[Source data — start]

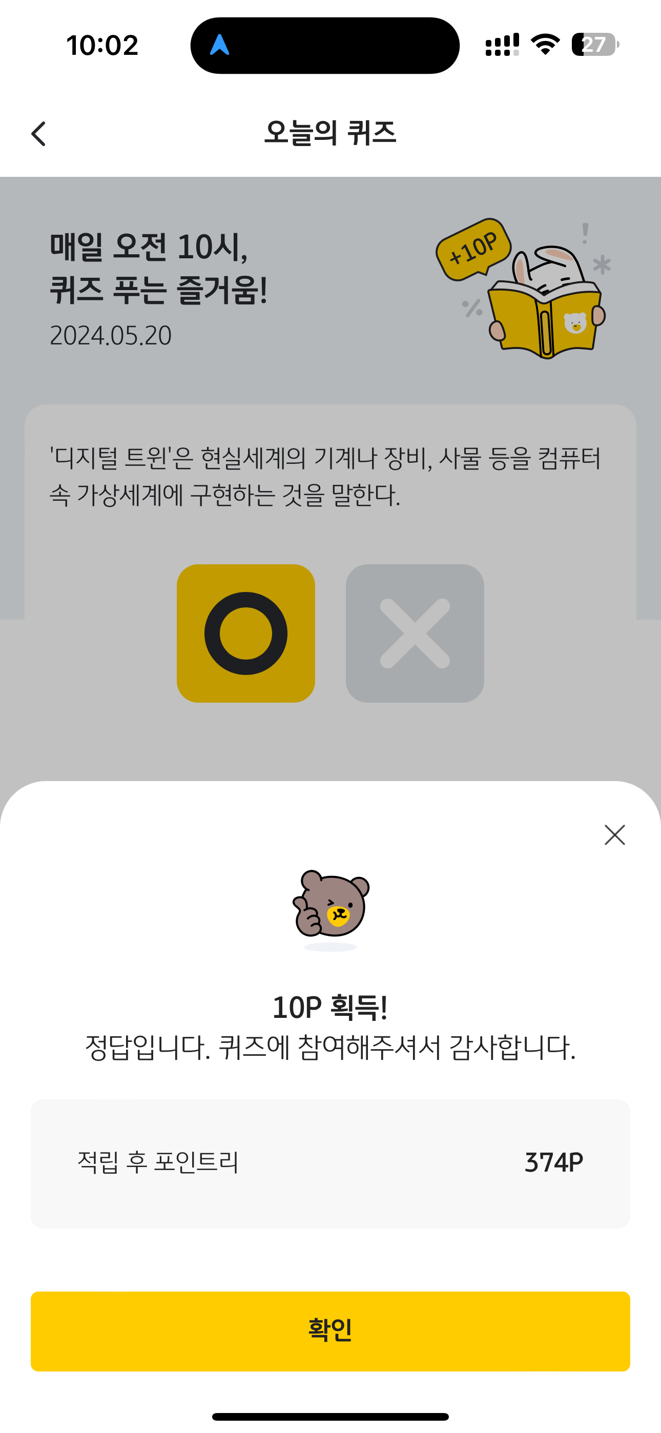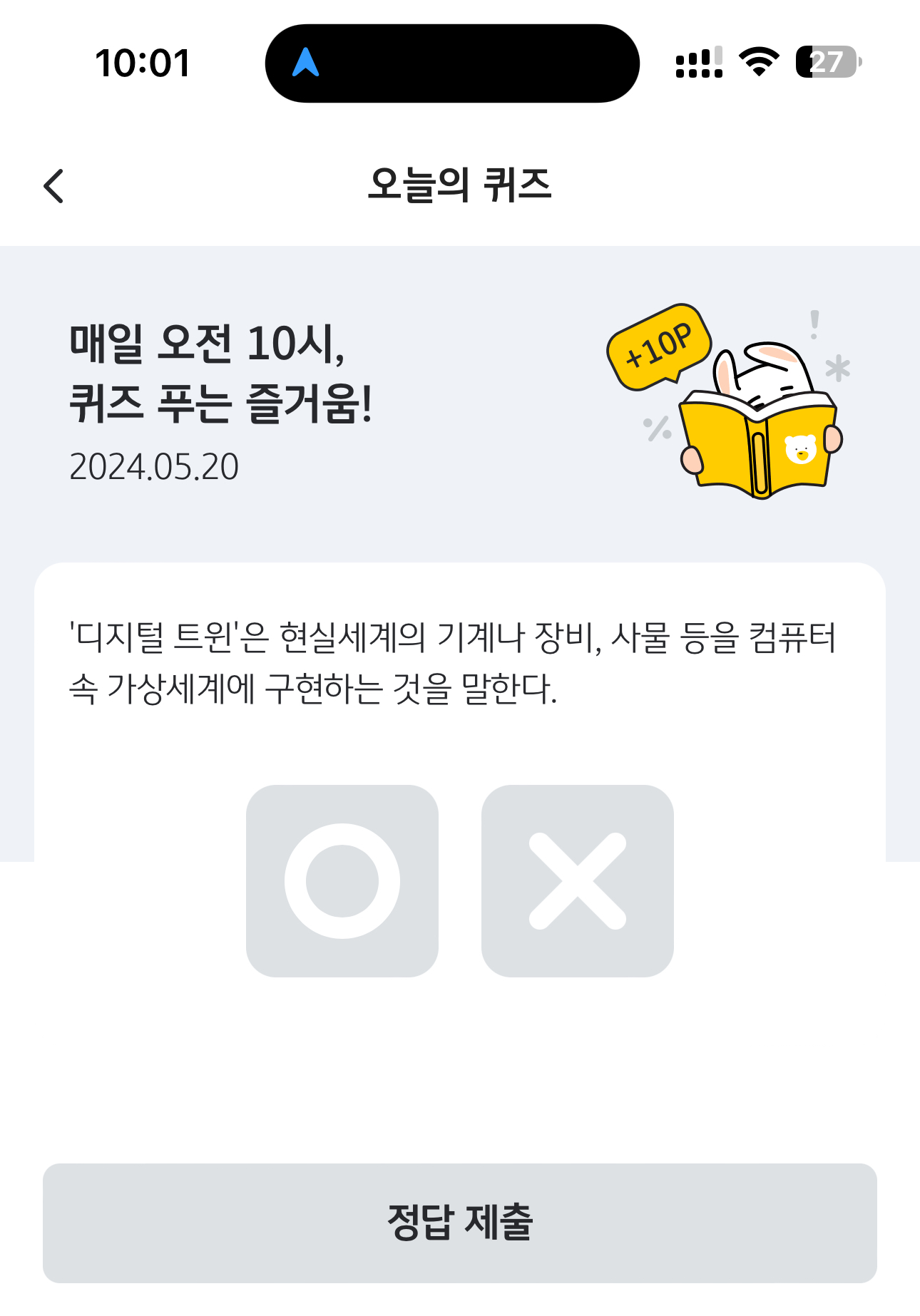 KB Pay 오늘의 퀴즈 5월 20일 정답('디지털 트윈'은 현실세계의 기계나 장비, 사물 등을 컴퓨터 속 가상세계에 구현하는 것을 말한다)
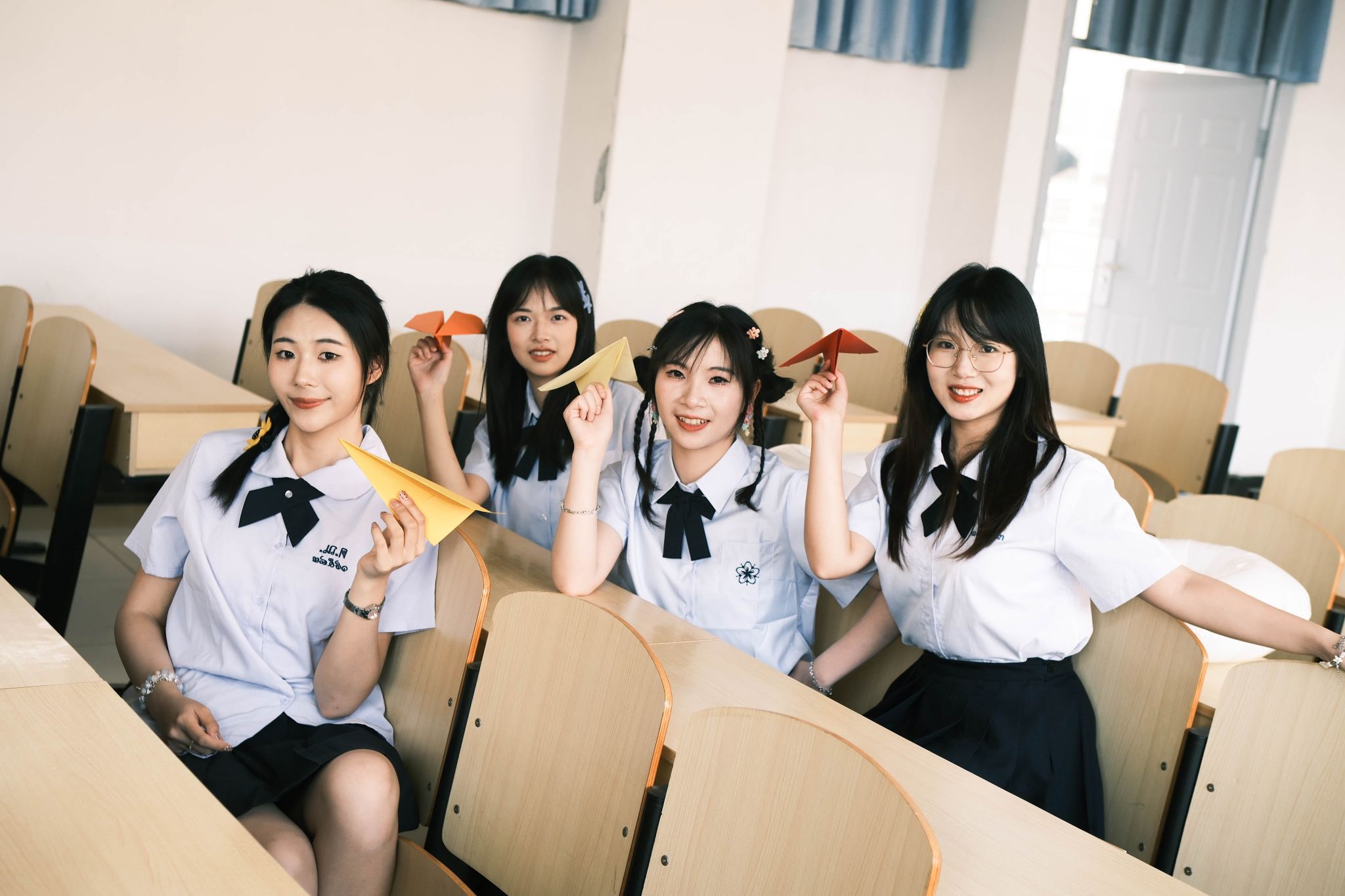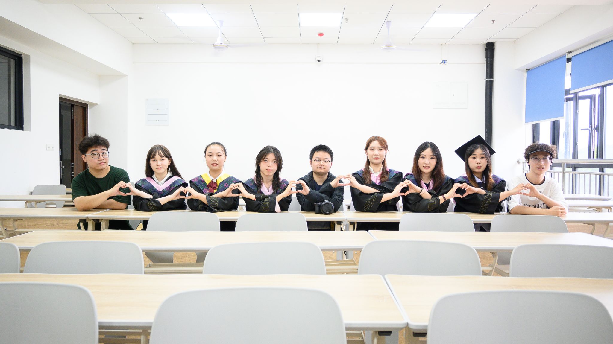 教室坐桌子上合照 陈薏帆摄
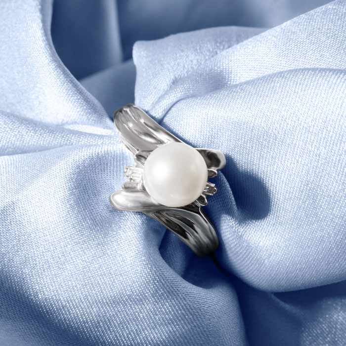 Round Freshwater Cultured Pearl and Baguette Diamond Ring In 14 Karat White Gold
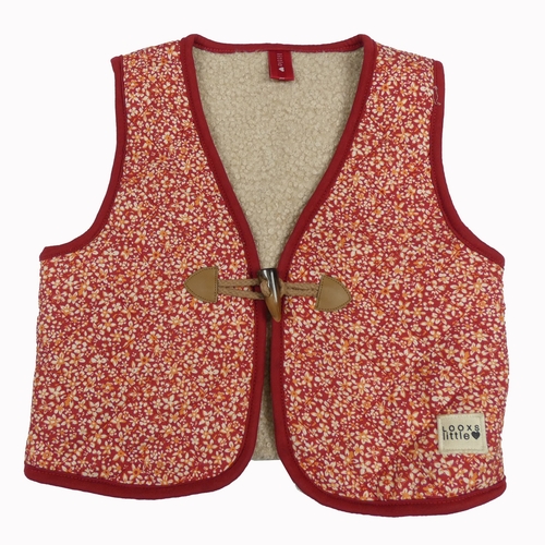 Vínová květovaná prošívaná zateplená vesta
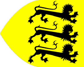 with a black lion passant (facing the hoist) with both forepaws raised (though
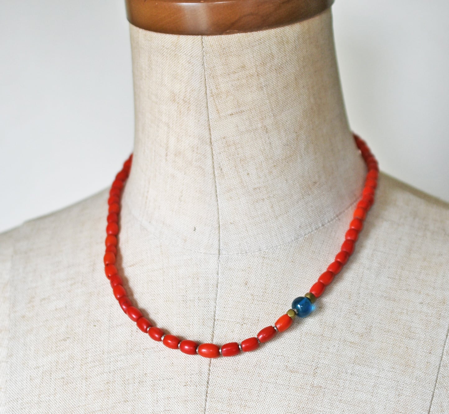 ナガ族グラスコーラルビーズ、ブルーヴィンテージビーズ、oldオリッサブラスなどを繋いだネックレスです。
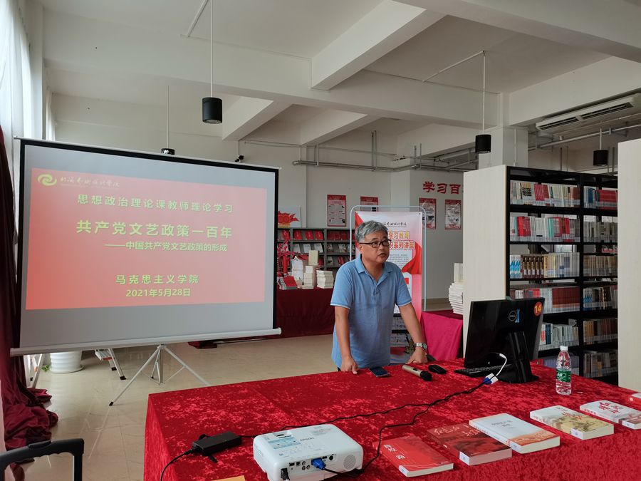 在全党如火如荼地开展党史学习教育之际,2021年5月28日下午,马克思主义学院组织全体党员、教师,在学校图书馆党史阅读角开展思想政治理论课教师理论学习暨党史学习专题党课活动,由马克思主义学院罗喜江教授作题为《共产党文艺政策一百年——中共文艺政策的形成》的党史知识培训。活动由马克思主义学院院长姜献生教授主持。
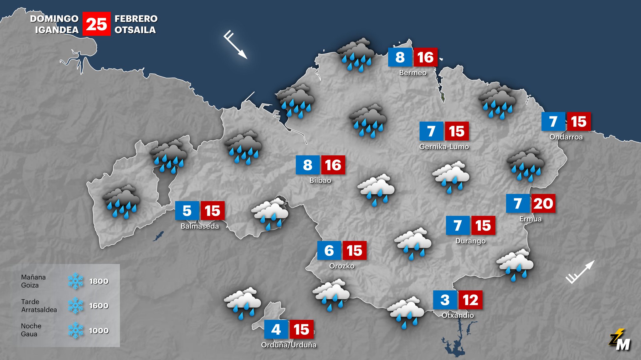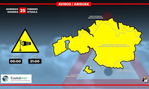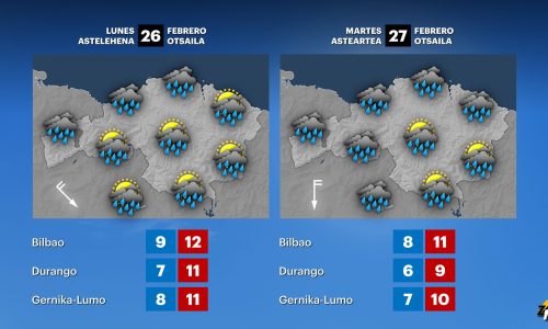 EGURALDIA | Jornada marcada por el viento del suroeste y la lluvia. Arreciará el viento del suroeste que será intenso, sobre todo en zonas expuestas y favorecerá el ascenso de las temperaturas máximas que podrían situarse por encima de los 15 grados. Con estas temperaturas, la cota de nieve irá subiendo de los 1000 m hasta situarse por encima de los 1500 metros. El paso de varios frentes dejará lluvia, sobre todo durante la mañana y por la noche.
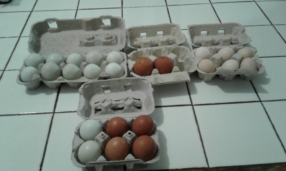 Ce l'avete fatta, alla fine mi avete irrimediabilmente contagiata con le vostre incubate, i pulcini, le prove, gli esperimenti, le foto, gli scambi, le esperienze... insomma, qualche settimana fa ho acquistato una Borotto 24 automatica (che mi sembra un'ottima macchina) e domani sera inizierò il mio primo esperimento di incubazione. Oggi ho acquistato da un allevatore non troppo distante da casa mia 12 uova di Araucana, 6 di Marans e 6 di Cocincina. Devo confessare che sono un po' perplessa circa i colori delle uova: quelle di Araucana mi sembrano un po' troppo chiare e quelle di Marans anche (guardate le foto...e considerate che le mattonelle del tavolo sono bianche, così potete comparare il colore delle uova di Araucana). Alcune uova delle mie Isa sono dello stesso colore di queste delle Marans che ho acquistato. Mah... staremo a vedere. Chi me le ha vendute le aveva già messe con la punta in giù e mi ha raccomandato di non lavarle. Su questo punto vorrei il vostro consiglio perché in effetti sono piuttosto sporche. Che senso ha sanificare l'incubatrice con l'Amuchina se poi ci metto feci portatrici di ogni sorta di infezioni? Ho provato per diverse ore l'incubatrice: funziona alla perfezione, e tiene costanti i 37,7 gradi a cui devo impostarla all'inizio. Il girauova funziona bene anche lui. Ogni 5 giorni cambierò postazione alle uova, come indicato ed eseguirò la speratura nei tempi pure indicati. Secondo voi devo acquistare l'umidificatore automatico? Mi sembra che qualcuno mi avesse detto che non era indispensabile... C'è qualcosa di particolare che pensate debba fare e volete suggerirmi? Ovviamente porterò l'incubatrice a temperatura e poi inserirò le uova. Le metto come capita? (con riferimento alle diverse specie, intendo). Riempio una vaschetta d'acqua potabile e poi ne controllo ogni giorno il livello. C'è altro, di importante, che devo fare? Ho un tale timore di sbagliare.... Grazie, come sempre, a tutti voi!
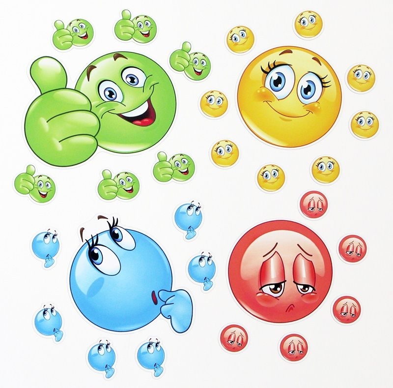 Предназначен для оценивания работы детей на занятиях в школе и детском саду. В наборе четыре вида смайлов: зеленый означает отличную оценку работы, желтый - хорошую, синий - удовлетворительную, красный - неудовлетворительную.
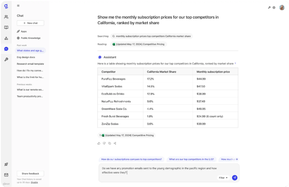 これにより、価格設定がサブスクリプション解約の主な理由であることが確認できます。しかし、彼女はプロモーションオファーをより適切に調整するため、競合状況をさらに理解したいと考えます。そこでGleanに「カリフォルニア州における主要競合他社の月額サブスクリプション価格を、市場シェア順に表示してください。」と尋ねます。Gleanは、リサーチチームが定期的に更新しているExcelスプレッドシートから価格詳細を提供します。

[Source data — finish]

• _What is expected_: Before printing the records again, strip out the pictures; change nothing else.

• _Expected answer_:
 KB Pay 오늘의 퀴즈 5월 20일 정답('디지털 트윈'은 현실세계의 기계나 장비, 사물 등을 컴퓨터 속 가상세계에 구현하는 것을 말한다)
 教室坐桌子上合照 陈薏帆摄
 Round Freshwater Cultured Pearl and Baguette Diamond Ring In 14 Karat White Gold
 Vínová květovaná prošívaná zateplená vesta
 with a black lion passant (facing the hoist) with both forepaws raised (though
 ナガ族グラスコーラルビーズ、ブルーヴィンテージビーズ、oldオリッサブラスなどを繋いだネックレスです。
 在全党如火如荼地开展党史学习教育之际,2021年5月28日下午,马克思主义学院组织全体党员、教师,在学校图书馆党史阅读角开展思想政治理论课教师理论学习暨党史学习专题党课活动,由马克思主义学院罗喜江教授作题为《共产党文艺政策一百年——中共文艺政策的形成》的党史知识培训。活动由马克思主义学院院长姜献生教授主持。
 EGURALDIA | Jornada marcada por el viento del suroeste y la lluvia. Arreciará el viento del suroeste que será intenso, sobre todo en zonas expuestas y favorecerá el ascenso de las temperaturas máximas que podrían situarse por encima de los 15 grados. Con estas temperaturas, la cota de nieve irá subiendo de los 1000 m hasta situarse por encima de los 1500 metros. El paso de varios frentes dejará lluvia, sobre todo durante la mañana y por la noche.
 Ce l'avete fatta, alla fine mi avete irrimediabilmente contagiata con le vostre incubate, i pulcini, le prove, gli esperimenti, le foto, gli scambi, le esperienze... insomma, qualche settimana fa ho acquistato una Borotto 24 automatica (che mi sembra un'ottima macchina) e domani sera inizierò il mio primo esperimento di incubazione. Oggi ho acquistato da un allevatore non troppo distante da casa mia 12 uova di Araucana, 6 di Marans e 6 di Cocincina. Devo confessare che sono un po' perplessa circa i colori delle uova: quelle di Araucana mi sembrano un po' troppo chiare e quelle di Marans anche (guardate le foto...e considerate che le mattonelle del tavolo sono bianche, così potete comparare il colore delle uova di Araucana). Alcune uova delle mie Isa sono dello stesso colore di queste delle Marans che ho acquistato. Mah... staremo a vedere. Chi me le ha vendute le aveva già messe con la punta in giù e mi ha raccomandato di non lavarle. Su questo punto vorrei il vostro consiglio perché in effetti sono piuttosto sporche. Che senso ha sanificare l'incubatrice con l'Amuchina se poi ci metto feci portatrici di ogni sorta di infezioni? Ho provato per diverse ore l'incubatrice: funziona alla perfezione, e tiene costanti i 37,7 gradi a cui devo impostarla all'inizio. Il girauova funziona bene anche lui. Ogni 5 giorni cambierò postazione alle uova, come indicato ed eseguirò la speratura nei tempi pure indicati. Secondo voi devo acquistare l'umidificatore automatico? Mi sembra che qualcuno mi avesse detto che non era indispensabile... C'è qualcosa di particolare che pensate debba fare e volete suggerirmi? Ovviamente porterò l'incubatrice a temperatura e poi inserirò le uova. Le metto come capita? (con riferimento alle diverse specie, intendo). Riempio una vaschetta d'acqua potabile e poi ne controllo ogni giorno il livello. C'è altro, di importante, che devo fare? Ho un tale timore di sbagliare.... Grazie, come sempre, a tutti voi!
 Предназначен для оценивания работы детей на занятиях в школе и детском саду. В наборе четыре вида смайлов: зеленый означает отличную оценку работы, желтый - хорошую, синий - удовлетворительную, красный - неудовлетворительную.
 これにより、価格設定がサブスクリプション解約の主な理由であることが確認できます。しかし、彼女はプロモーションオファーをより適切に調整するため、競合状況をさらに理解したいと考えます。そこでGleanに「カリフォルニア州における主要競合他社の月額サブスクリプション価格を、市場シェア順に表示してください。」と尋ねます。Gleanは、リサーチチームが定期的に更新しているExcelスプレッドシートから価格詳細を提供します。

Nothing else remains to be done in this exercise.